Но и старания Жуковского не проходили бесследно. 5 августа 1831 г. наследник пишет: «Я начинаю чувствовать удовольствие в занятиях и понимаю теперь, что непременно нужно учиться, ибо без того я сам буду несчастлив и сам сделаю несчастье целых тысячей».
Конечно, затем следовали срывы и отклонения. Но вот 15 сентября появляется запись-размышление, которая, как моментальный снимок, фиксирует кадр в процессе формирования мировоззрения подростка: «Г(осподин) Липман (один из учителей истории. — Л. 3.) мне говорит, что он предпочитает государя, заботящегося об образовании народа своего, тому, который только думает о завоеваниях; мысль сия мне кажется весьма справедливой. Первая забота государя, по моему мнению, есть попечение о благоденствии своих подданных. Государь-завоеватель поступает вопреки сему правилу». А однажды появляется совсем удивительное и самостоятельное философское размышление о законах человеческого бытия. 14 апреля 1831 г., накануне своего четырнадцатилетия, наследник запишет: «Мы были на кладбище в Александро-Невской лавре. Смотря на памятники, я думал про себя о ничтожестве человека, ибо после смерти, как бы знатен и богат он на земле ни был, ему достаточен только маленький клочок земли, чтобы покоиться».
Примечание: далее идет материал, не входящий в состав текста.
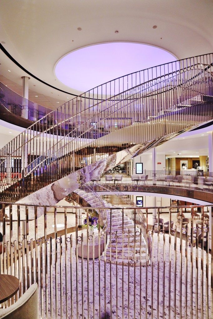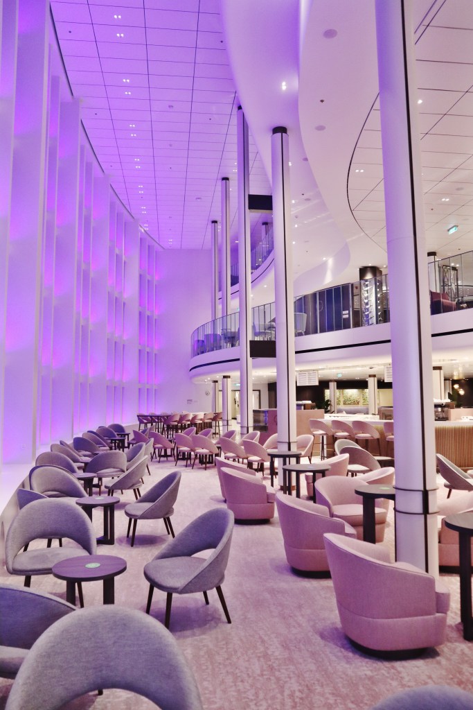 I think one of my favourite places aboard Iona, was her Grand Atrium. It is gorgeous and so well designed. Fantastic huge windows over three decks, showing off the view of the Ocean. So many places to sit and enjoy a sea view with a delicious cup of coffee, or maybe whilst enjoying the super scrumptious Prime Minister Burger at sea from the Keel and Cow!
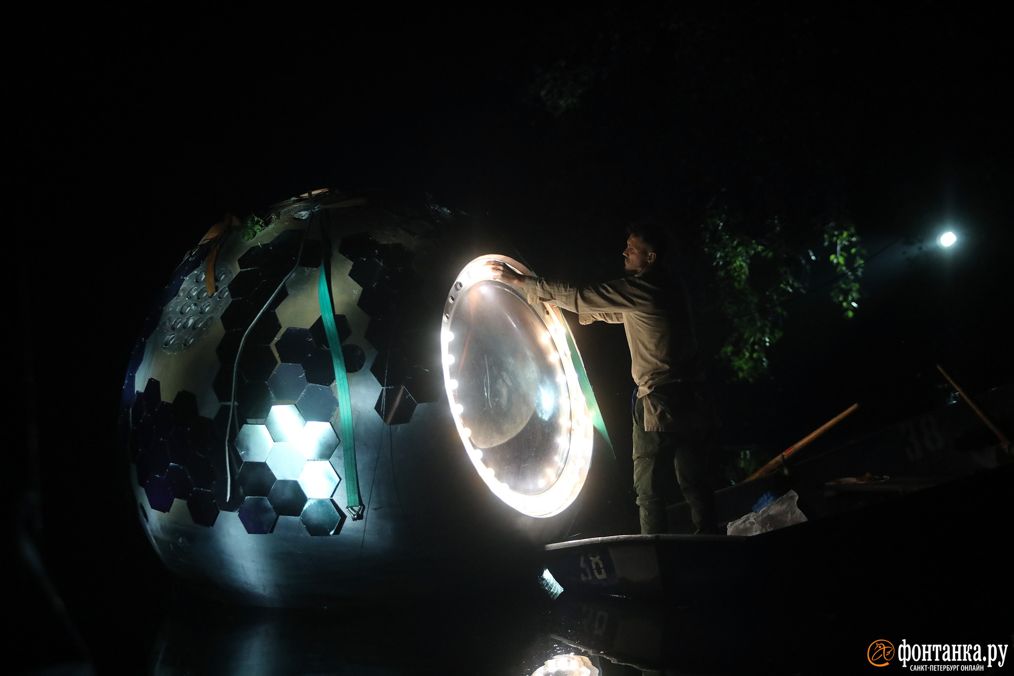 В это время рядом в небо взмывают прожектора — идет настройка центральной работы фестиваля, — «5х2х1,5» петербургской команды SmartLight, обычно работающей на концертах звезд, таких как Дима Билан и Тина Кузнецова. Чтобы переместить инсталляцию из неоновых трубок на середину залива, требуется катамаран.

Если несомненным является факт, что Александр не обладал твердым характером, сильной волей и целеустремленностью, то также несомненно надо признать, что в нем не было узкой ограниченности, догматизма, тупой прямолинейности. При всех своих недостатках он сочетал в себе много способностей, широту восприятия жизни, любил людей, общение со сверстниками, имел отзывчивое и доброе сердце, был человечен. Проявление такого характера в зрелые годы, действие такой личности после занятия трона во многом могло зависеть от обстоятельств.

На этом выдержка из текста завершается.